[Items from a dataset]
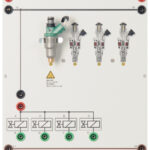 Die Moduleinheit „Einspritzventile“ ist Bestandteil des Trainingssystems „Modulares Motormanagement“. Durch die Symbiose von realen Komponenten sowie digital erstellten Grafiken wird der maximal mögliche Wissenstransfer des einzelnen Moduls voll ausgeschöpft. Der Auszubildende lernt einerseits das reale Aussehen sowie die reale Haptik des Bauteils kennen, andererseits kann er dieses reale Aussehen direkt mit dem dazugehörigen Schaltsymbol verknüpfen, was ihn maßgeblich beim Lesen und Verstehen von Schaltplänen unterstützt. Je nach Modul existiert neben dem Schaltsymbol ebenfalls noch eine 3D-Zeichnung, die die jeweilige Komponente im Detail zeigt. Da die 4mm-Sicherheitsbuchsen des Moduls dieselbe Farbkodierung wie das Steuergerät besitzen, ist einerseits die grundlegende Funktion des jeweiligen Anschlusses selbsterklärend, andererseits wird die Gefahr einer fehlerhaften Verkabelung minimiert. Für den Fall einer falschen Verkabelung besitzen alle Sensor- und Aktor-Module eine inhärente Sicherheitsbeschaltung, die sie gegen Kurzschlüsse absichert.
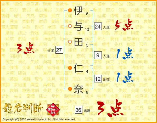 伊与田仁奈さんの総運は36画の3点!
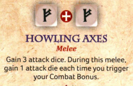 If you're planning for a really decisive combat during your turn, consider putting two common symbol dice on Howling Axes. While I tend to find two-dice abilities less appealing, this one works well with warrior units with heavy weapons charging in. It's less dependent on having available Saga dice to roll into your combat bonus, since it just adds an extra attack die each time you trigger Combat Bonus.
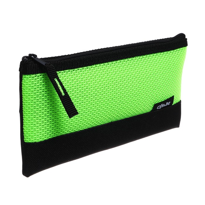 Пенал школьный Calligrata, мягкий, 1 отделение, 105×195 мм, плоский, чёрный/салатовый
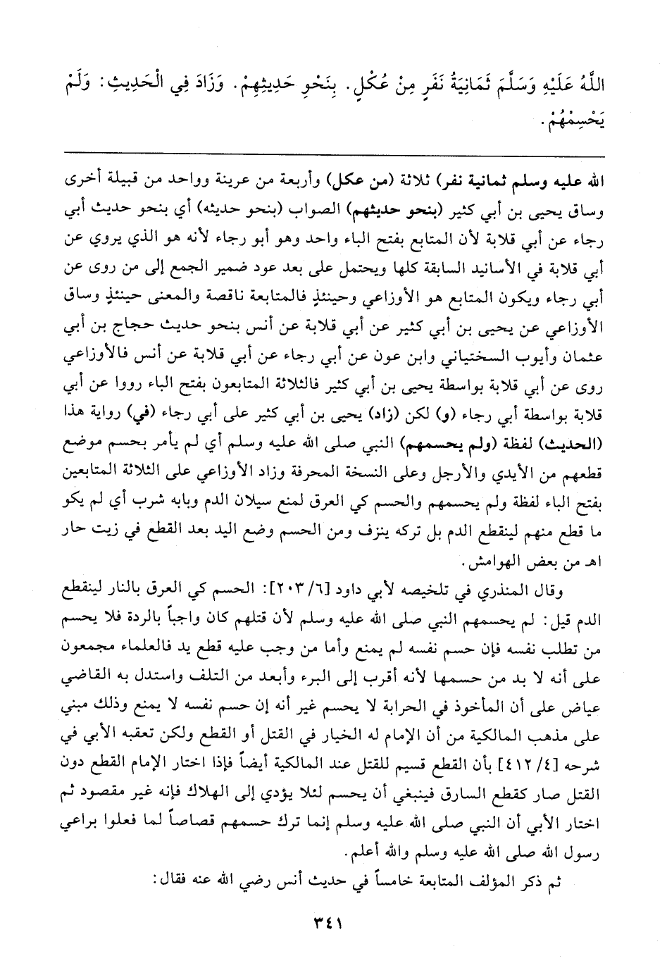 الله عليه وسلم ثمانية نفر) ثلاثة (من عكل) وأربعة من عرينة وواحد من قبيلة أخرى وساق يحيى بن أبي كثير (بنحو حديثهم) الصواب (بنحو حديثه) أي بنحو حديث أبي رجاء عن أبي قلابة لأن المتابع بفتح الباء واحد وهو أبو رجاء لأنه هو الذي يروي عن أبي قلابة في الأسانيد السابقة كلها ويحتمل على بعد عود ضمير الجمع إلى من روى عن أبي رجاء ويكون المتابع هو الأوزاعي وحينئذٍ فالمتابعة ناقصة والمعنى حينئذٍ وساق الأوزاعي عن يحيى بن أبي كثير عن أبي قلابة عن أنس بنحو حديث حجاج بن أبي عثمان وأيوب السختياني وابن عون عن أبي رجاء عن أبي قلابة عن أنس فالأوزاعي روى عن أبي قلابة بواسطة يحيى بن أبي كثير فالثلاثة المتابعون بفتح الباء رووا عن أبي قلابة بواسطة أبي رجاء (و) لكن (زاد) يحيى بن أبي كثير على أبي رجاء (في) رواية هذا (الحديث) لفظة (ولم يحسمهم) النبي صلى الله عليه وسلم أي لم يأمر بحسم موضع قطعهم من الأيدي والأرجل وعلى النسخة المحرفة وزاد الأوزاعي على الثلاثة المتابعين بفتح الباء لفظة ولم يحسمهم والحسم كي العرق لمنع سيلان الدم وبابه شرب أي لم يكو ما قطع منهم لينقطع الدم بل تركه ينزف ومن الحسم وضع اليد بعد القطع في زيت حار اهـ من بعض الهوامش.
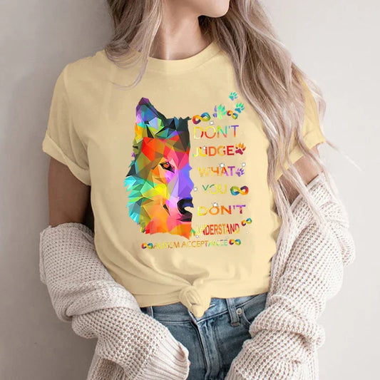 Autism Awareness T-shirts New Lovely Female Tops Wolf Don‘t Judge Print Tees Fashion Cartoon O-neck Ladies Wolf Graphic Clothes
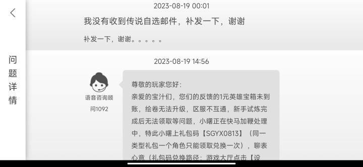 2023年8.28号补发了。1.说好给传说自选,邮件没有,背包也没有2.反馈传说自选没有的问题,派机器人给我答复,没有真人处理,一直敷衍,还给几个没用的兑换码,打发花子。2023.8.19号就反馈了,至今也没给我补发3.加里面的群也不同意,没有审核通过的,默认不让进群4.承诺未做到,做不到就不要乱承诺,撒谎诈骗。5.看图五,2023.8.24号刚注册了个小号就有,曙光确实会玩,诈骗+区
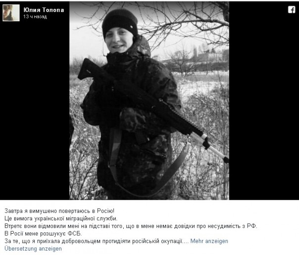 В РФ участница антитеррористической операции на Донбассе Юлия Толопа, которая добровольно приехала из России участвовать в боевых действиях на Донбассе, объявлена в розыск, об этом она сообщила в facebook.
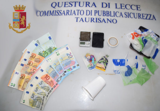 TAURISANO- Gli agenti del Commissariato di Taurisano hanno posto sotto osservazione l’abitazione di Ennio DE PATRE, vecchia conoscenza delle forze dell’ordine, 55enne di Presicce-Acquarica, avendo constatato che in alcune ore della giornata, soprattutto la mattina, c’era un continuo andirivieni di giovani. Gli investigatori hanno fatto irruzione. Nel corso della perquisizione sono stati trovati in camera da letto circa 40 grammi di cocaina. Una parte della cocaina era in un bicchiere di plastica e l’altra in un piatto di porcellana. Trovato anche un bilancino di precisione perfettamente funzionante, un cofanetto porta sigarette contenente numerosissimi pezzi in cellophane di vario colore utili per il confezionamento delle dosi, un nastro adesivo utilizzato per sigillare le dosi da vendere e la somma di euro 485,00 in banconote di diverso taglio. L’uomo è stato tratto arrestato per detenzione di sostanza stupefacente ai fini di spaccio.
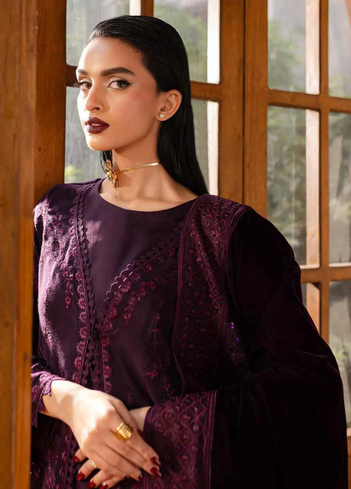 3 Piece Embroidered Unstitched Suits from Nureh Exclusive Unstitched Velvet Shawl Collection 2024
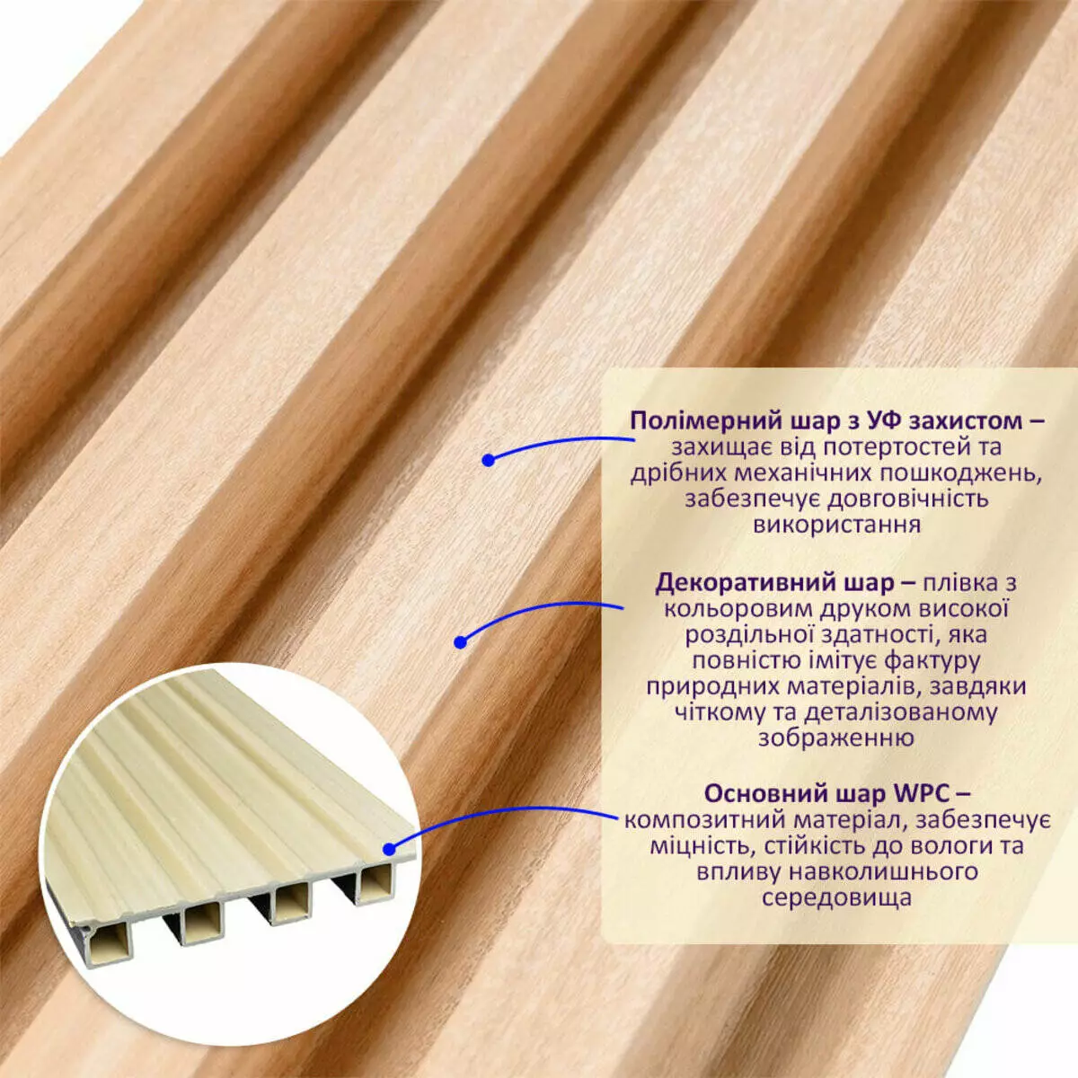• Основний шар WPC: є композитним матеріалом, який поєднує в собі деревні волокна (або стружку) з полімерними матеріалами, що забезпечує матеріалу міцність, стійкість до вологи і стійкість до впливу зовнішнього середовища.
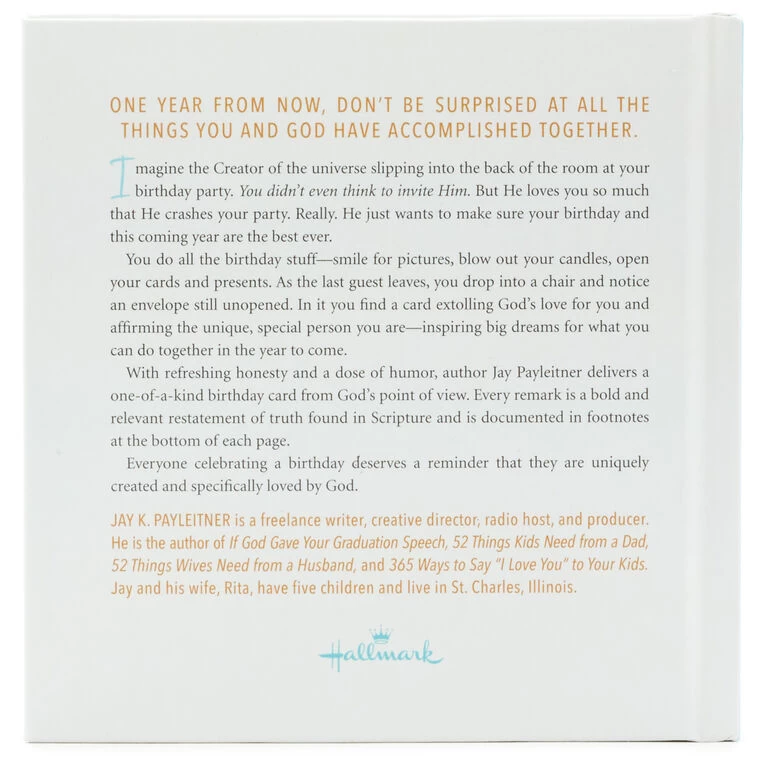 Imagine a birthday card God crafted especially for you! This uplifting book gives an idea just how that birthday card might read. Share a message of love and compassion with this fun hardcover book that will wrap the birthday person in warmth on their birthday and all through the year. Pretty stripe and dot designs set off loving thoughts paired with appropriate Bible scripture verses for a read that will deepen their faith and broaden their joy.

- TASK TO CARRY OUT -
Would you give again, exactly as written, the lines from the one containing "3 Piece Embroidered" through the end of the records, with no pictures and no other lines?

- ANSWER TO THE PROBLEM -
 3 Piece Embroidered Unstitched Suits from Nureh Exclusive Unstitched Velvet Shawl Collection 2024
• Основний шар WPC: є композитним матеріалом, який поєднує в собі деревні волокна (або стружку) з полімерними матеріалами, що забезпечує матеріалу міцність, стійкість до вологи і стійкість до впливу зовнішнього середовища.
 Imagine a birthday card God crafted especially for you! This uplifting book gives an idea just how that birthday card might read. Share a message of love and compassion with this fun hardcover book that will wrap the birthday person in warmth on their birthday and all through the year. Pretty stripe and dot designs set off loving thoughts paired with appropriate Bible scripture verses for a read that will deepen their faith and broaden their joy.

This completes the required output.